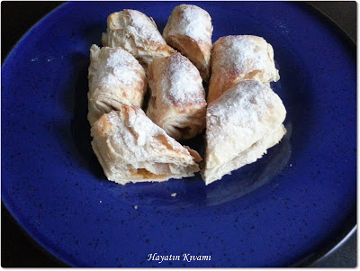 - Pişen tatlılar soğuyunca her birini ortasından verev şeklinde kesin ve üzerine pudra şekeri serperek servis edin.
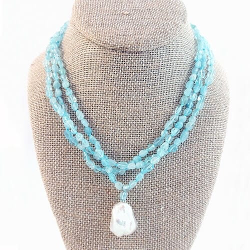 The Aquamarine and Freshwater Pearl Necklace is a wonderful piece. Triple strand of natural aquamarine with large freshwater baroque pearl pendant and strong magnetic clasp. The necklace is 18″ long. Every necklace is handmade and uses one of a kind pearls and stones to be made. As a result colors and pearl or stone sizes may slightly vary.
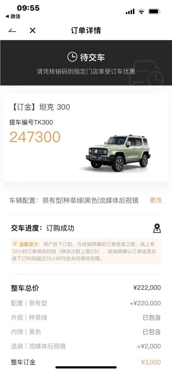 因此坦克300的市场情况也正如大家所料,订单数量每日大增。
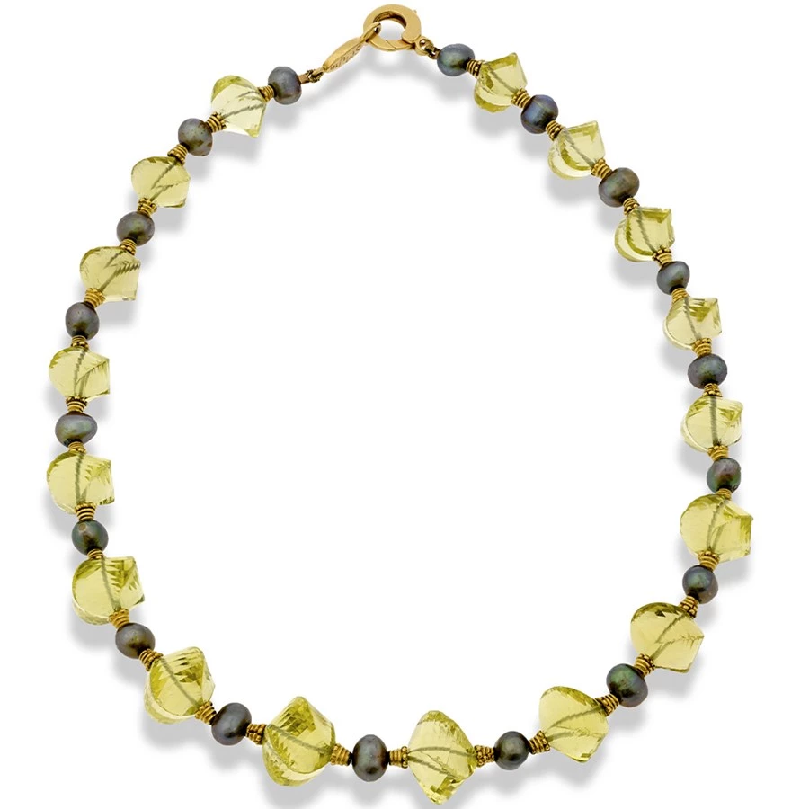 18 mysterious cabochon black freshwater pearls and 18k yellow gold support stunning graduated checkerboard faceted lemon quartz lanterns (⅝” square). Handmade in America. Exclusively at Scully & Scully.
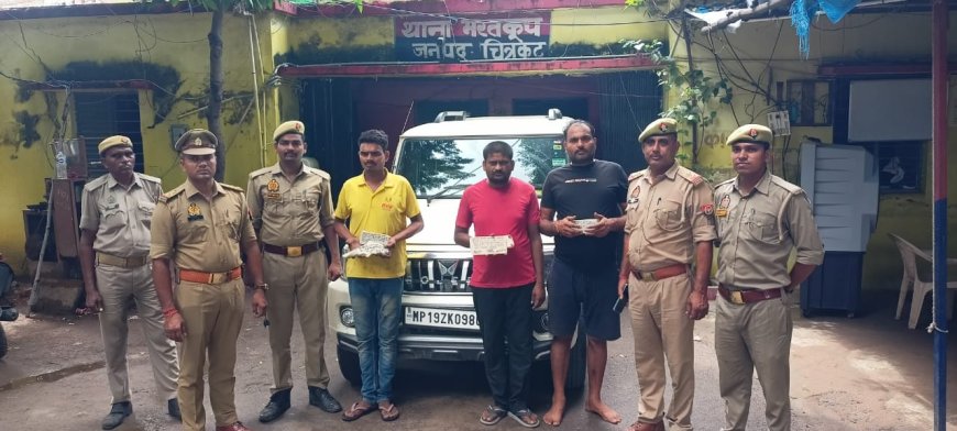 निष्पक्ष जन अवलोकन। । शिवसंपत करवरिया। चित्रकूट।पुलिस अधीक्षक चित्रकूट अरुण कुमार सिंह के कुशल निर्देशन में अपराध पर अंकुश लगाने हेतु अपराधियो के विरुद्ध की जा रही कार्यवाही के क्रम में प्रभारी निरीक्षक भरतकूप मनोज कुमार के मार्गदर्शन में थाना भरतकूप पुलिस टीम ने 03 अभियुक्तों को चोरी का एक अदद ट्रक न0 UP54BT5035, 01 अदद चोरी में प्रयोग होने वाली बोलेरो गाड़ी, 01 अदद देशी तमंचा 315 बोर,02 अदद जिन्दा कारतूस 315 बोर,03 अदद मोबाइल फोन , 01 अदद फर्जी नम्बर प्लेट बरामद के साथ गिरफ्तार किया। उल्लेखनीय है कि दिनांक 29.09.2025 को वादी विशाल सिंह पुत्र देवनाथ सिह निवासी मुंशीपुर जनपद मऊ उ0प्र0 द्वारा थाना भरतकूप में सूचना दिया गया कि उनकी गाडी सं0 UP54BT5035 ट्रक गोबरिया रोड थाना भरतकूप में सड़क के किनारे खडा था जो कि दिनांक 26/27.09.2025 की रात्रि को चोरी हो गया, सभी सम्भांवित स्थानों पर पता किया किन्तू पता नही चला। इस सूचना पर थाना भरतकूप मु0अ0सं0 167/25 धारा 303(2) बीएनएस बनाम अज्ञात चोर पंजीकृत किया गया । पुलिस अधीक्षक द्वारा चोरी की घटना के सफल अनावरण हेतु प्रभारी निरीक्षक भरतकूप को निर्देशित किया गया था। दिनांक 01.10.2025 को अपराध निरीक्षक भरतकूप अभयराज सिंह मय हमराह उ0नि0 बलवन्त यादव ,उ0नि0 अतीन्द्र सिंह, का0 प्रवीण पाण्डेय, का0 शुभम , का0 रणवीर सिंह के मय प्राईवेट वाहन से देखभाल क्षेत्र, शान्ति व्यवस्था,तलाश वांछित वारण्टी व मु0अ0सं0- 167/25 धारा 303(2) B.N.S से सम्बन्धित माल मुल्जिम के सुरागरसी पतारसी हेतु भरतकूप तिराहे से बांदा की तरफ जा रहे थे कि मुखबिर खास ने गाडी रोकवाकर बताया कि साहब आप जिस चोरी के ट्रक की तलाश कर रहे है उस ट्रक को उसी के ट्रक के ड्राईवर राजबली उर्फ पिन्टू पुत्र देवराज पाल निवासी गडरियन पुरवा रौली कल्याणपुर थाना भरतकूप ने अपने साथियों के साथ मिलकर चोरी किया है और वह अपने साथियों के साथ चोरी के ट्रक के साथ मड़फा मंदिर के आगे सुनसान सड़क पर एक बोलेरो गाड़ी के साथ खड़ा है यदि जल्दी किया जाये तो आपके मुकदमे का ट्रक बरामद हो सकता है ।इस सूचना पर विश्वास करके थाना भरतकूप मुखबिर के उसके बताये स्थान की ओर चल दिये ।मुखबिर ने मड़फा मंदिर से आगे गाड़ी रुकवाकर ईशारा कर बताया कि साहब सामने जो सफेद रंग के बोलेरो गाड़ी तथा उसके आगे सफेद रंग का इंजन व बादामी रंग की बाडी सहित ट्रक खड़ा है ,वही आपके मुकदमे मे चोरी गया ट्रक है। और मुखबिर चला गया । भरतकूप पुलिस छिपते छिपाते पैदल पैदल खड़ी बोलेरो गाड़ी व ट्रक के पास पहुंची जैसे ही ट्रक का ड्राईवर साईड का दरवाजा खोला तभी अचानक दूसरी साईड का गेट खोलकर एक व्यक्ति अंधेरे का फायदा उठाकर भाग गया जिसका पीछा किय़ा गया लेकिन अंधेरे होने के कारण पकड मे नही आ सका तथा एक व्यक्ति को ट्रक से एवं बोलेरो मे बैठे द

---

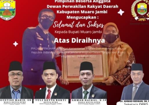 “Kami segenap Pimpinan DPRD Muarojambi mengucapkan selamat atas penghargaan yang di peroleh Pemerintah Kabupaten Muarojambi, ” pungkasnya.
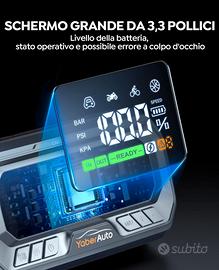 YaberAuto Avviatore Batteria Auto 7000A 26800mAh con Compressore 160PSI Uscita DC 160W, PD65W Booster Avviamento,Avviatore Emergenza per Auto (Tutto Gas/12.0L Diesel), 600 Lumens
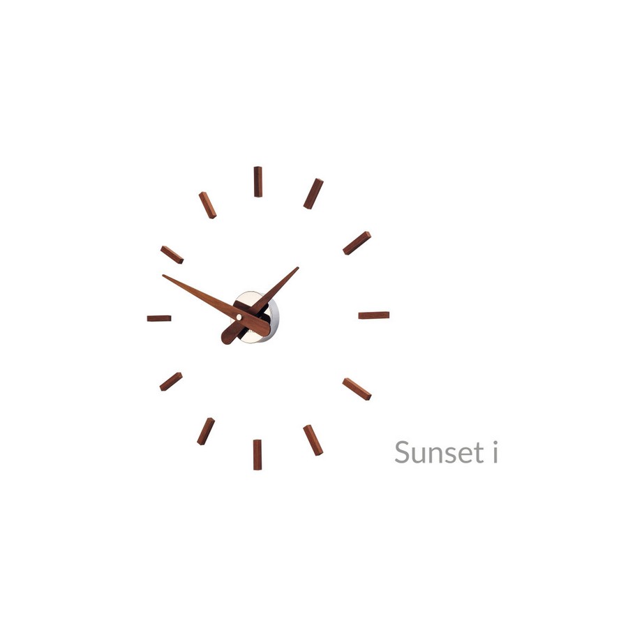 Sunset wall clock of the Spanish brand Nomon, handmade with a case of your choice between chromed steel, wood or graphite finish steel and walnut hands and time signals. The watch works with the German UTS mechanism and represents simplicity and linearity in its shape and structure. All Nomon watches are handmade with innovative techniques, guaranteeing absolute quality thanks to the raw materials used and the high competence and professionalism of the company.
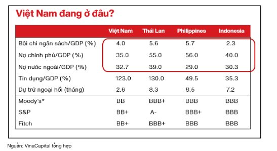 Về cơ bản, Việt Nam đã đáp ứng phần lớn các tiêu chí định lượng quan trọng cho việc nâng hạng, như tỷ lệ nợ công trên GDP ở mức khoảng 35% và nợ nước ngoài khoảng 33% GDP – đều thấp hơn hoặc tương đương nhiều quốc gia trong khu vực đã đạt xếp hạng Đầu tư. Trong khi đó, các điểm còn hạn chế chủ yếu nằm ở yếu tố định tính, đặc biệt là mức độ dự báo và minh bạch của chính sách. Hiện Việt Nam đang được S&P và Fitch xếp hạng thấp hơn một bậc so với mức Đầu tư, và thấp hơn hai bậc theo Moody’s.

Work required:
Your answer must be everything above from the line with "segenap Pimpinan DPRD" down to the line with "Về cơ bản, Việt", word for word, and no pictures.

Response to this task:
 “Kami segenap Pimpinan DPRD Muarojambi mengucapkan selamat atas penghargaan yang di peroleh Pemerintah Kabupaten Muarojambi, ” pungkasnya.
 YaberAuto Avviatore Batteria Auto 7000A 26800mAh con Compressore 160PSI Uscita DC 160W, PD65W Booster Avviamento,Avviatore Emergenza per Auto (Tutto Gas/12.0L Diesel), 600 Lumens
 Sunset wall clock of the Spanish brand Nomon, handmade with a case of your choice between chromed steel, wood or graphite finish steel and walnut hands and time signals. The watch works with the German UTS mechanism and represents simplicity and linearity in its shape and structure. All Nomon watches are handmade with innovative techniques, guaranteeing absolute quality thanks to the raw materials used and the high competence and professionalism of the company.
 Về cơ bản, Việt Nam đã đáp ứng phần lớn các tiêu chí định lượng quan trọng cho việc nâng hạng, như tỷ lệ nợ công trên GDP ở mức khoảng 35% và nợ nước ngoài khoảng 33% GDP – đều thấp hơn hoặc tương đương nhiều quốc gia trong khu vực đã đạt xếp hạng Đầu tư. Trong khi đó, các điểm còn hạn chế chủ yếu nằm ở yếu tố định tính, đặc biệt là mức độ dự báo và minh bạch của chính sách. Hiện Việt Nam đang được S&P và Fitch xếp hạng thấp hơn một bậc so với mức Đầu tư, và thấp hơn hai bậc theo Moody’s.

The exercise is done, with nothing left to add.